The Carolinian

Publication date: 1924


We see quickly that Part I takes place in June 1775.  The year is determined by Tom Izard's reference in Chapter 1.I to the "fight at Lexington last April"; this of course was the Battle of Lexington and Concord on April 19.  Latimer's visit to Lord William in Chapter 1.III takes place "on a certain Tuesday morning in June", and the ball at Brewton's is several times placed on Thursday night, confirming the month and the days of the week.  We need only determine which week in June contains these events.

The clue to the answer does not appear until the second paragraph of Part II:  the news of the Battle of Bunker Hill arrives in Charles Town via express riders "within a few hours of [Latimer's] setting out" that Thursday night.  Bunker Hill was fought on Saturday June 17.  If Brewton's ball was on Thursday the 22nd, the news took only five days to travel from Massachusetts to South Carolina, which is impossibly fast.  (Indeed, even twelve days is pushing it, and news from Boston would more typically have arrived by ship.  For example, word of the ``fight at Lexington" on April 19 was first brought to Charles Town by the brigantine Industry on May 8, some nineteen days later.)
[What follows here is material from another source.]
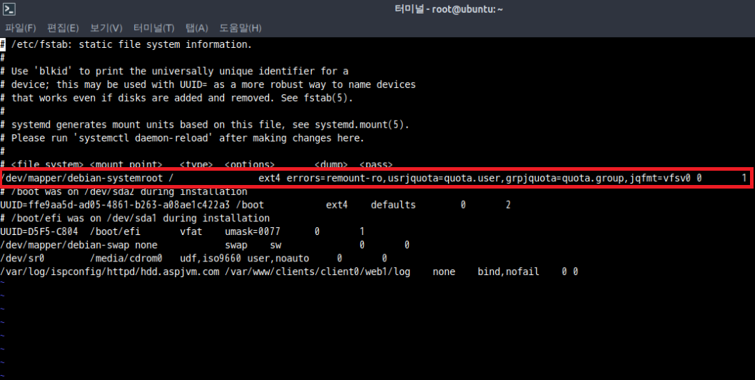외부 파일 기반의 quota를 사용 중이라면 usrjquota=quota.user,grpjquota=quota.group,jqfmt=vfsv0 옵션이 들어 있을 수 있다. 이 부분을 제거하고 아래와 같이 수정하면 된다.

Hence the ball was Thursday the 29th, and we can work backward to date precisely each event in Part I.  In particular, we note that in Chapter 1.II Latimer wakens Moultrie on a Monday morning (the day before disguising himself as Dick Williams) and states that the letter from Tom Izard reached him "three days ago", establishing Friday the 23rd as the novel's opening day.

The events of the climax are easily dated since they closely track Prevost's siege of Charles Town on May 11–13, 1779.